Aspedamite is a rare, radioactive member of the allanite group that typically presents as massive, dark-colored grains within pegmatites. It is primarily found at its type locality in Aspedam, Norway, and is valued by specialist collectors of radioactive and rare-earth minerals.
Is this aspedamite?
5-step field checkRun through these checks against the specimen in your hand. The more boxes tick, the more confident the ID.
- 1Test the hardnessTry to scratch aspedamite with a known reference. Aspedamite sits at Mohs 5.5-6 — softer than the next harder reference, harder than the previous one.
- 2Check the streakDrag the specimen across an unglazed porcelain plate. Aspedamite leaves a brownish streak.
- 3Read the lusterHold the specimen under a strong light. Aspedamite typically shows a vitreous luster.
- 4Match the color rangeCompare against the expected color range: brown, black.
- 5Look at form & habitCrystal system: monoclinic. Typical habit: massive.
Often confused with
Aspedamite vs. its common look-alikes — and how to tell them apart in the field.

How to tell apart: Streak differs — Aspedamite leaves brownish, Allanite leaves gray; luster reads vitreous on Aspedamite and submetallic on Allanite.

How to tell apart: Streak differs — Aspedamite leaves brownish, Epidote leaves white.

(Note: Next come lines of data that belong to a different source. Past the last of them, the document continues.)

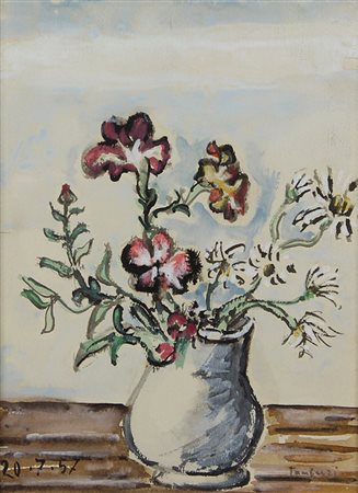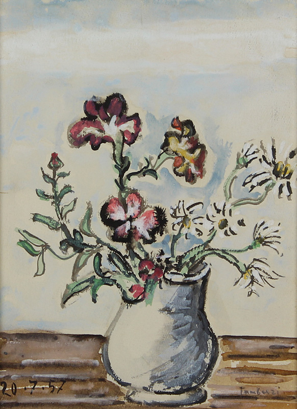Tamburi Orfeo Vaso di fiori, 1957 tempera su carta intelata, cm 27x20,5 firmata in basso a destra, datata in basso a sinistra, autentica dell'artista su foto
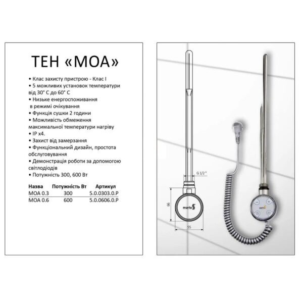 Электронагреватель MOA мощностью 600 Вт относится к премиум-сегменту. Принцип работы: ТЭН нагревается до 60°C, после чего отключается и включается при падении температуры, поддерживая оптимальный нагрев. Оснащен регулятором мощности и таймером на 2 часа.
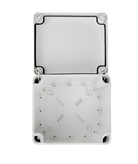 Esta caja tipo pared lisa (con lados cerrados) de sellado con tornillo cuenta con una tapa a presión con cierre hermético IP65 y 12 entradas compatibles con tubo conduit PVC y galvanizado. Está hecha de un material termoplástico, auto extinguible.
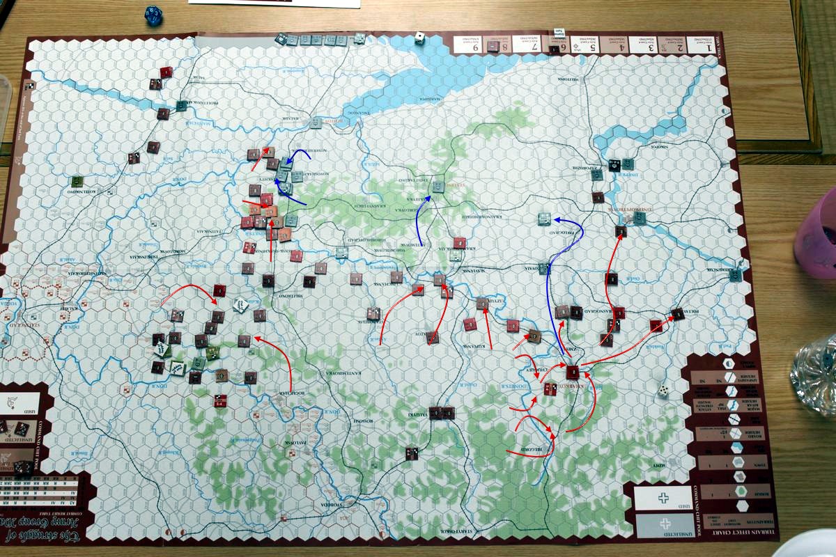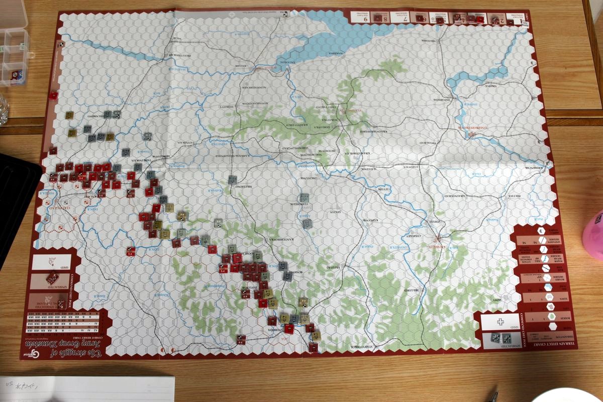 そこそこかな。いや、6A司令部が大河を渡河できてないので、いまいち運がドイツ軍へ傾いているみたいです。チットの順番も微妙にドイツ軍寄りでしたし。しかし、まあこんなモンでしょう。激マンは。

Often found alongside aspedamite
Minerals reported to co-occur with aspedamite. Spotting these in float or country rock is a strong cue you are in the right ground.
All properties
- Chemical formula
- CaREEFe³⁺AlFe²⁺Si₃O₁₂(OH)
- Mohs hardness
- 5.5-6
- Density
- 4.2-4.3 g/cm³
- Streak
- Brownish
- Luster
- Vitreous
- Transparency
- Opaque
- Crystal system
- Monoclinic
- Crystal habit
- Massive
- Cleavage
- None
- Rarity
- Rare
- Uses
- Collector
- Host rock
- Pegmatites
- Typical price
- $20-100 per specimen
Where rockhounds find aspedamite
Classic worldwide localities
- Aspedam, Østfold, Norway
Field-hunting tip
Look in pegmatites country — that is the host setting where aspedamite typically forms. If you start seeing microcline, quartz, biotite in float, you are in the right ground. Field specimens usually show a massive habit, so train your eye for that shape before scanning the outcrop.